В Вене он настойчиво добивался визы, ежедневно приходил в посольство. Казалось, люди ему сочувствуют и понимают, да и не один он бывал там, вместе оказывались и те, кто выше благополучия и богатства ставил свое непреодолимое желание быть дома. Европа так и оставалась чужой...
В Москве он голодал, искал любую службу. Но испытания и неудачи не перечеркивали его веры в новую жизнь. Да, пусть не сегодня, но завтра здесь все должно быть прекрасно, следует только перетерпеть, жизнь идет так, как ему виделось и хотелось. Конечно, пока не везло, и все же он не думал, что поступил неверно.
Восемь лет Гальперин дожидался чуда. И оно пришло. Тонкий, умнейший, талантливейший друг оказался подарком судьбы. Никогда рядом не появлялось существа, способного так понимать его. Конечно, все не просто. Он, скульптор, ученик великого Бурделя, прекрасно знал, что такое женское тело, любил пластику и раньше даже в мыслях не мог допустить, что есть в жизни нечто высшее, чему красота могла уступать.
Все пришло неповторимо и бурно, стало небывалым счастьем. Веру он писал часами. Даже когда слова исчезали, он чувствовал: они так много сказали друг другу, что это ни с кем и никогда уже повторить невозможно.
Но существовало для них и другое! Все, что думал, о чем размышлял, Вера уже хорошо знала. Их мысли существовали рядом, и если он начинал фразу, она могла в любой момент эту фразу продолжить. И вот теперь он, а не она, должен был не только понять, но и что-то нужное для нее сделать.
Он больше не смотрел на Веру. Что бы она ни говорила, как бы он ни старался объяснить всю бессмысленность обвинений, никому это не нужно. Инквизиторам требуется другое, и они этого добьются. Значит, остается единственный выход: подтверждать то, чего никогда не могло быть. И этим чуть облегчить, хотя бы на короткое время, судьбу Веры...

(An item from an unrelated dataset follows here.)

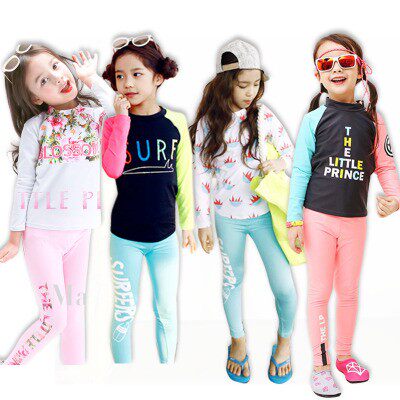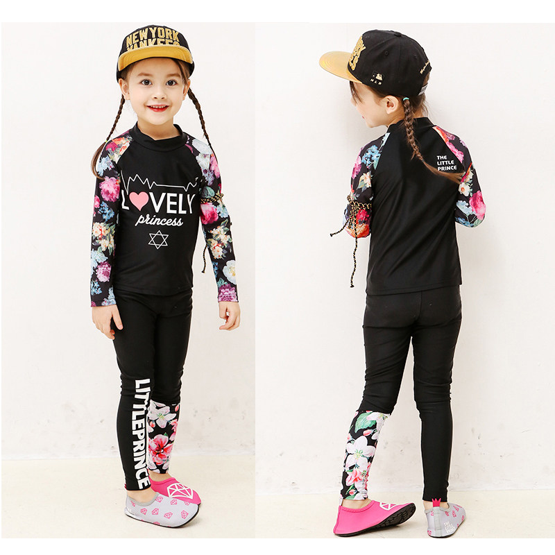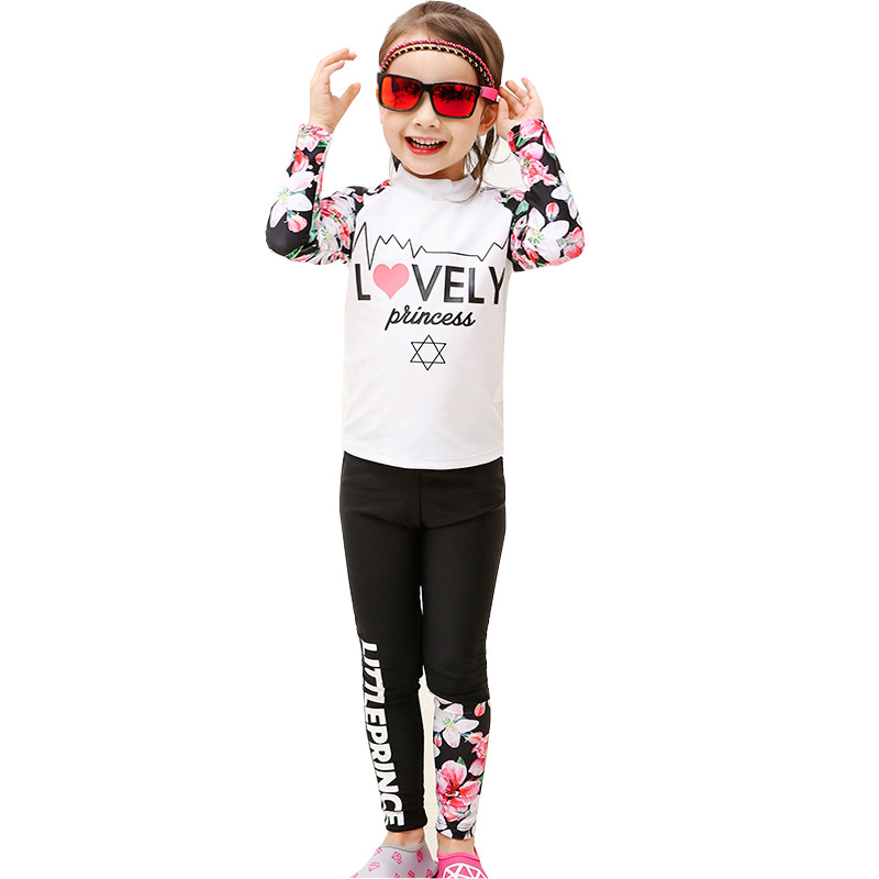 Children's swimsuits girls medium-sized children's long-sleeved pants sun protection quick-drying diving suits baby elementary school girls swimsuits

И тогда он сказал, что готов подписать все, в чем их обвиняют.
ИЗ ПОКАЗАНИЙ АГЕНТА 2577, СДЕЛАННЫХ 22 ФЕВРАЛЯ 1935 ГОДА
...Гальперина Льва Соломоновича знаю меньше, чем Ермолаеву, но это совершенно явно и глубоко выраженный антисоветский элемент. Припоминаю следующее его выражение на одном из совещаний художников, посвященном созданию стабильного учебника ЛОУЧГИЗа.
Гальперин на этом совещании выступил с заявлением, что стремление включить в учебник рисунки с показательными элементами наряду с художественными обречены в наших условиях на гибель. И нужно делать схематические рисунки, исключая из них всякие элементы художественности. Сам факт такого выступления имел в себе желание дискредитировать идею качественного художественного оформления учебников и этим подорвать желание и энтузиазм молодых художников в создании действительно высококачественных учебников для школ.
Гальперин Лев Соломонович всегда сопоставлял искусство Запада и наше советское искусство, указывая, что на Западе живописная культура стоит высоко и нам надо ей подражать и учиться у нее, а не идти теми путями, которыми пошло советское искусство: агитационность, преобладание политического момента в картине. Он говорил, что моменты реализма у нас подменяются фотографичностью. Гальперин всегда сожалел, что уехал из-за границы.
20 ФЕВРАЛЯ 1935 ГОДА.
ОЧНАЯ СТАВКА ГАЛЬПЕРИНА Л. С. И ЕРМОЛАЕВОЙ В. М.
СЛЕДОВАТЕЛЬ ТАРНОВСКИЙ
Вопрос к Ермолаевой: Что вас сблизило с художником Гальпериным?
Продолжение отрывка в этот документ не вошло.